Overview and Objective:This special issue of Comparative and International Education/Éducation Comparée et Internationale (CIE/ÉCI) provides an opportunity to mobilize research completed on innovation, leadership, sustainability, and system change in the Caribbean by Caribbean researchers and/or in partnership with other researchers, including those from Canada. Researchers and universities in the Caribbean have maintained long-standing partnerships with Canadian researchers and universities. The special issue provides an opportunity for south-south or south-north research collaboration and mobilization. A focus on comparative and international education provides opportunities for researchers and educational system leaders in both the Caribbean and Canadian contexts (and beyond) to learn from each other and to harness their collective efforts for improved educational outcomes for all students.

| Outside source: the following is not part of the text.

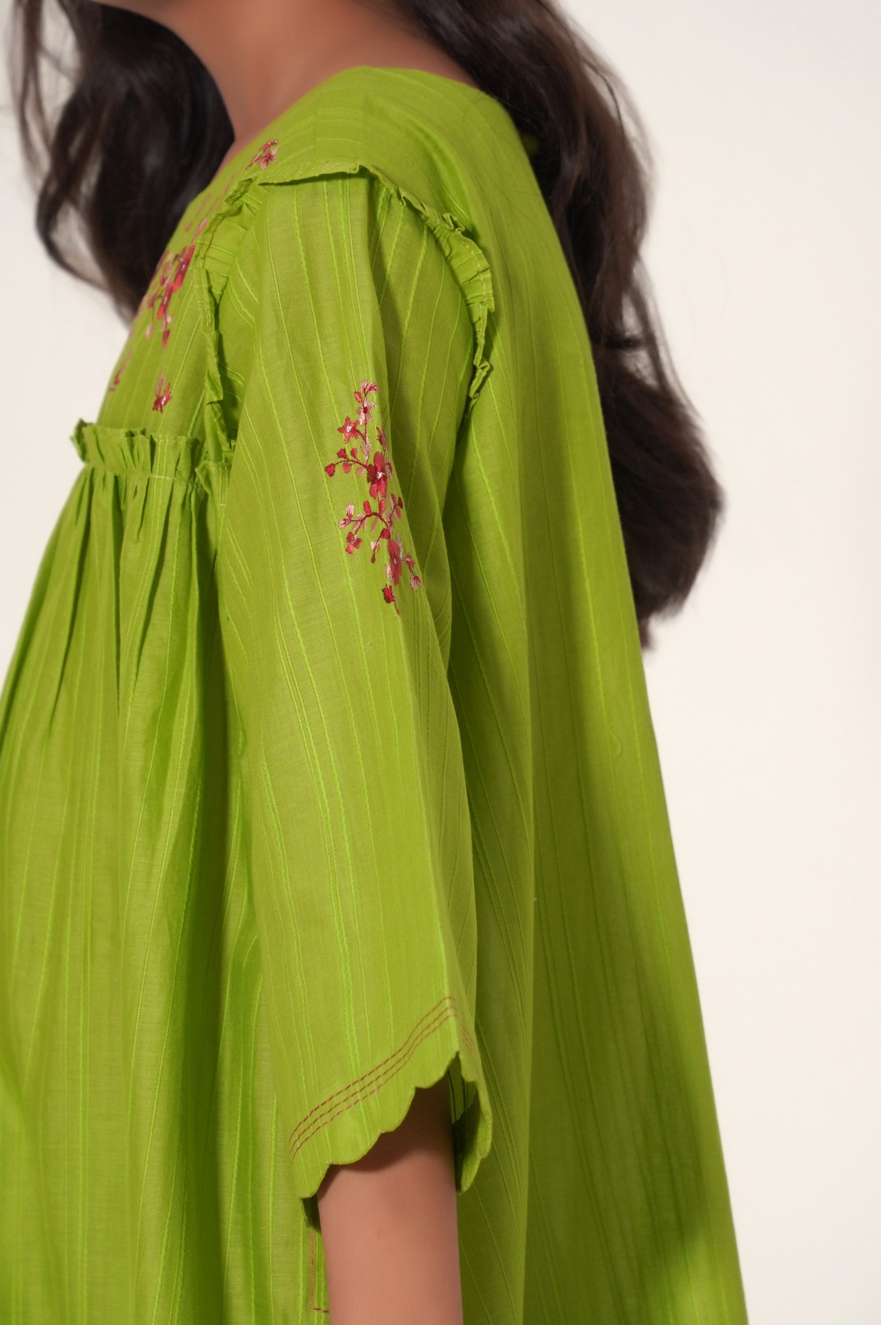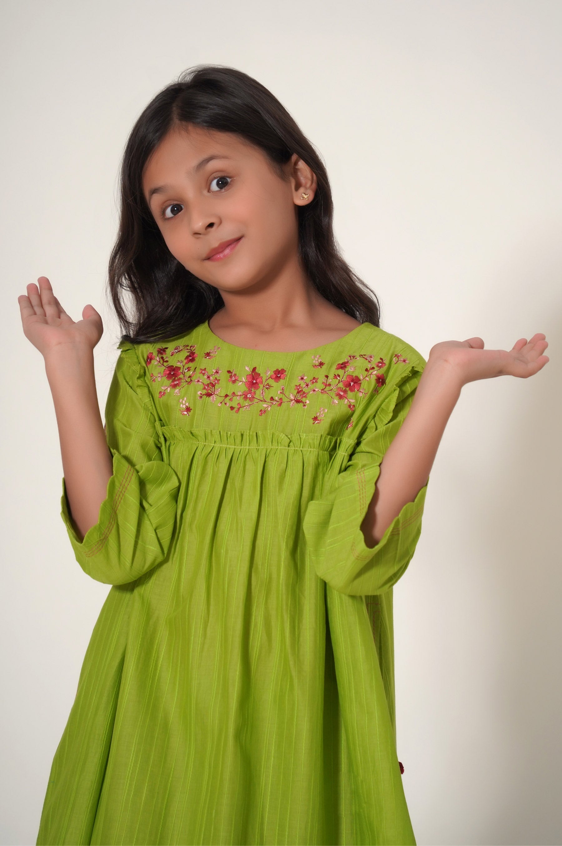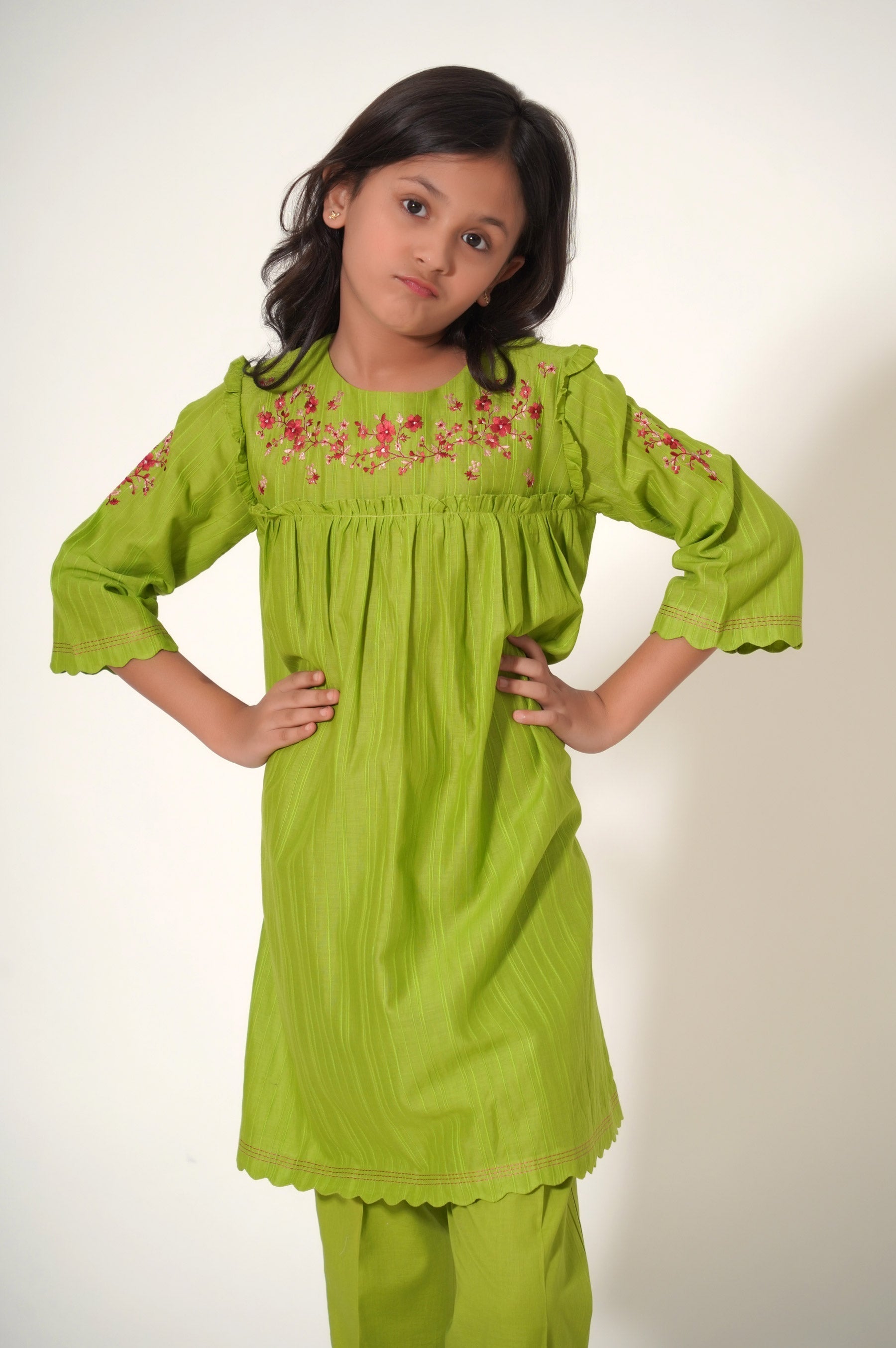 This outfit is composed in green shade with floral embroidery on the bodice and sleeves, added with scallop details. The outfit paired with Capri style bottom to make your little one's adorable this season.

The commitment of CIE/ÉCI to open-access publishing, without fees to authors, and in English and French, will ensure that the published articles are widely available throughout the Caribbean, Canada, and beyond.

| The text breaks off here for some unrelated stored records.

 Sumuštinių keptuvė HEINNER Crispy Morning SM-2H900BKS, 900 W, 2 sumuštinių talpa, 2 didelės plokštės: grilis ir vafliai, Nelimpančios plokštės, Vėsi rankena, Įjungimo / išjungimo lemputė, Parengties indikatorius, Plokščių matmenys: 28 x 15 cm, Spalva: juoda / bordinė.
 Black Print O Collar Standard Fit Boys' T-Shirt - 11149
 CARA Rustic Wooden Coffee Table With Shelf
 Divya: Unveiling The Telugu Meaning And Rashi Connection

The overall objective of the special issue is to build or enhance capacity for innovation, leadership, and sustainability in education systems by mobilizing research on promising and evidence-based solutions from the Caribbean. The special issue will enable scholars and educational practitioners to share research findings that can inform and contribute to innovation in the region and beyond. It will also provide a forum for dialogue to explore how stakeholders working at different levels and across different countries are addressing educational barriers and pursuing opportunities to improve teaching, learning, and school leadership. The special issue will facilitate research exchange and knowledge mobilization within and between global south/north institutions.
This special issue will focus on how teachers, school leaders, and system administrators can nurture innovation and sustainability in education in the Caribbean from a ground-up approach (i.e., teacher-led innovation projects) and top-down approach (i.e., system and school strategic prioritization and facilitation of innovation projects).
Guest Editors:
Dr. Steve Sider (Co-lead Editor, English): Wilfrid Laurier University
Dr. Jhonel Morvan (Co-lead Editor, French): Université de l’Ontario français
Guest Editorial Team:
Angel Caglin: The University of West Indies (Cave Hill, PhD student), Caribbean Innovation and Leadership Lab
Dr. Samuel Charles: Université de Montréal
Dr. Colleen Loomis: Wilfrid Laurier University, Balsillie School of International Affairs
Dr. Bephyer Parey: The University of West Indies (St. Augustine)

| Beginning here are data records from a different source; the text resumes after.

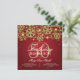 Parties scintillant Gold Red Winter Glam 50th Birthday Invitation. Un élégant modèle d'invitation à la fête du 50e anniversaire, avec des flocons de neige en parties scintillant et des lampes de bougie brillantes sur le arrière - plan rouge (vous pouvez changer la couleur arrière - plan pour répondre à vos besoins), et le nom personnalisé + texte de détails. Idéal pour les fêtes d'hiver et de Noël.
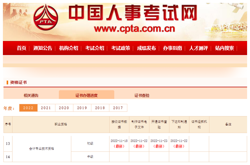 根據(jù)中國人事考試網(wǎng)最新證書辦理進度顯示,2022年初級證書已下達印制通知,正在印制中。這樣看來,距離大家領(lǐng)證又近一步了!
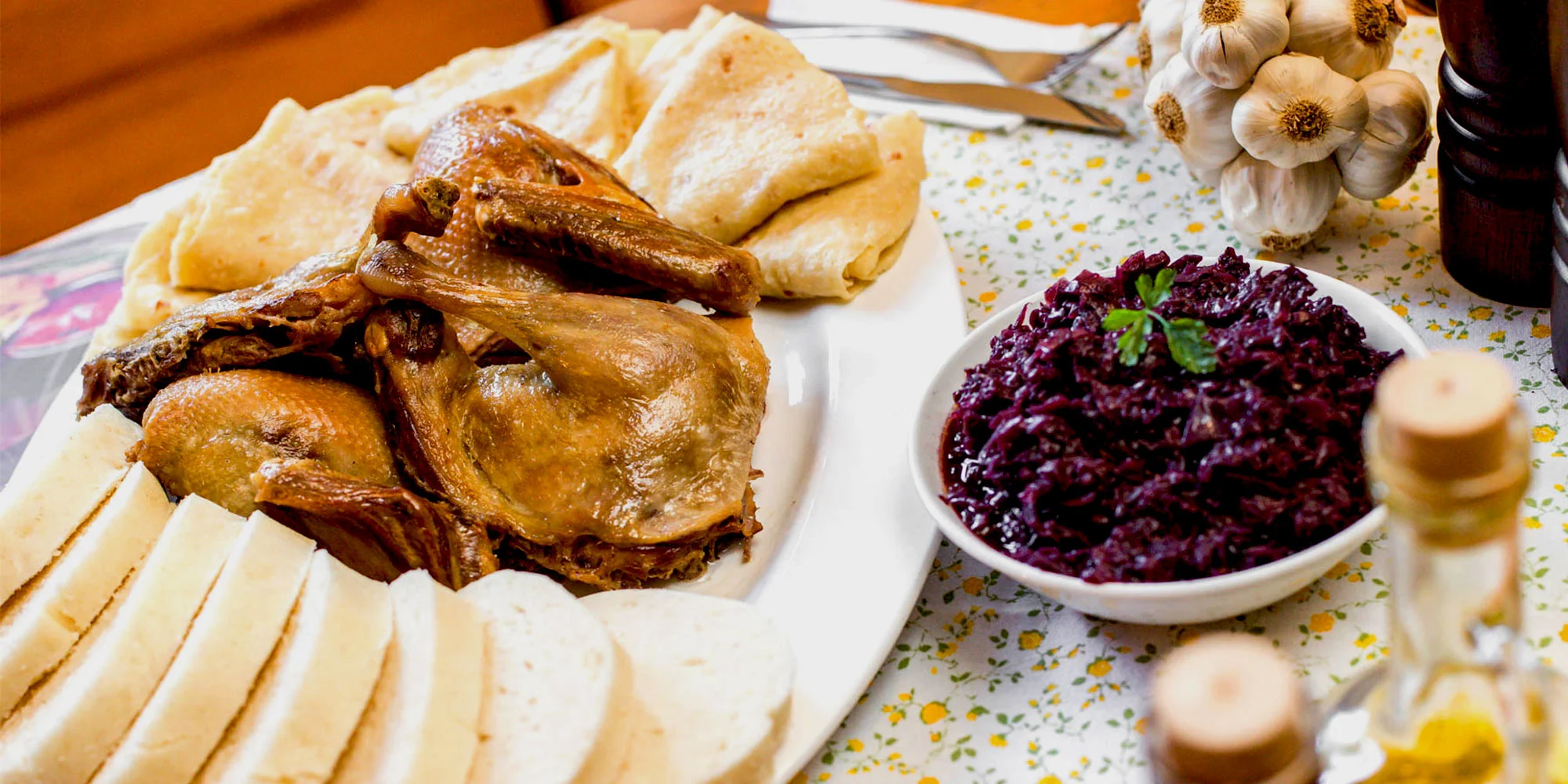 Vychutnajte si s partiou v príjemnej atmosfére celú, pomaly pečenú kačicu so zemiakovými lokšami alebo domácou parenou knedľou a karamelizovanou červenou kapustou!
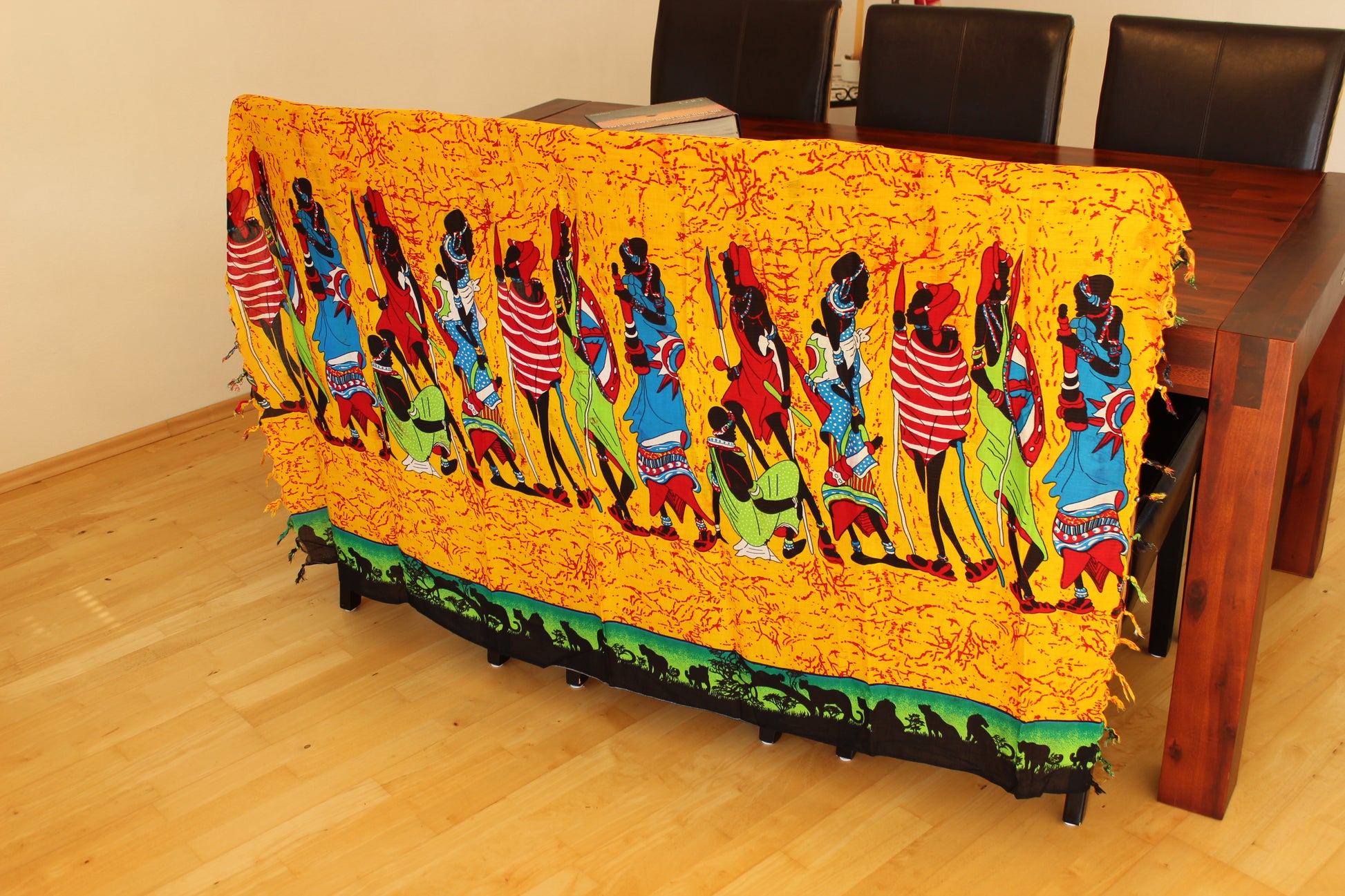 Scarf women , yellow and red, with Massai, Schal, Strandtuch
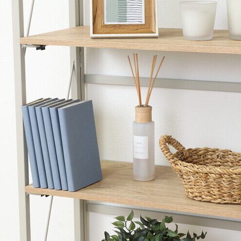 全体をスッキリ見せるスチールと組み合わせることで、リアルな木目模様がプリントされた棚板がよく引き立ちます。
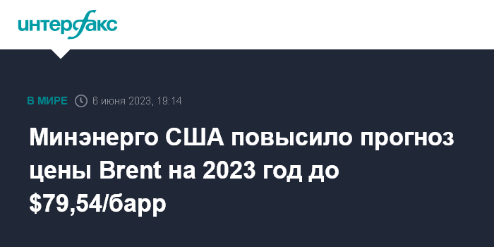 Москва. 6 июня. INTERFAX.RU - Минэнерго США повысило ожидания по цене нефти сорта Brent на 2023 год с $78,65/барр. до $79,54/барр. Об этом говорится в ежемесячном прогнозе управления энергетической информации ведомства (EIA).

Dr. S. Joel Warrican: The University of West Indies (Cave Hill)
Dr. Ann-Marie Wilmot: The University of West Indies (Mona)
Dr. Carrie Wright: Wilfrid Laurier University, Balsillie School of International Affairs
Detailed Description, Background Information, and Rationale:
Improving the quality of teaching and the learning outcomes of students in low- and middle- income countries has proven stubbornly difficult (Loomis et al., 2018). In the Caribbean, education has been through multiple reforms over the last 25 years. Many of these initiatives are implemented as short term projects and are shaped by the changing interests of external donors, non-governmental organizations, or elected governments (Mertens, 2024; Jennings, 2024). The success of these reforms has been inconsistent across the region and within individual states (Sider et al., 2021). Some reform initiatives have been imposed on Caribbean countries by donors without testing that the assumptions underpinning the reform’s success are aligned with the local environment. In other cases, reform initiatives have been stopped abruptly so that new initiatives can be started, without evaluating the impact of changes or capitalizing on the learning available through the previous change project (Anglade et al., 2018). Many countries continue to struggle with long-standing issues such as delivering education in rural/remote settings, attending to gender differences in achievement, and high rates of illiteracy (Sider et al., 2024; World Bank, 2025).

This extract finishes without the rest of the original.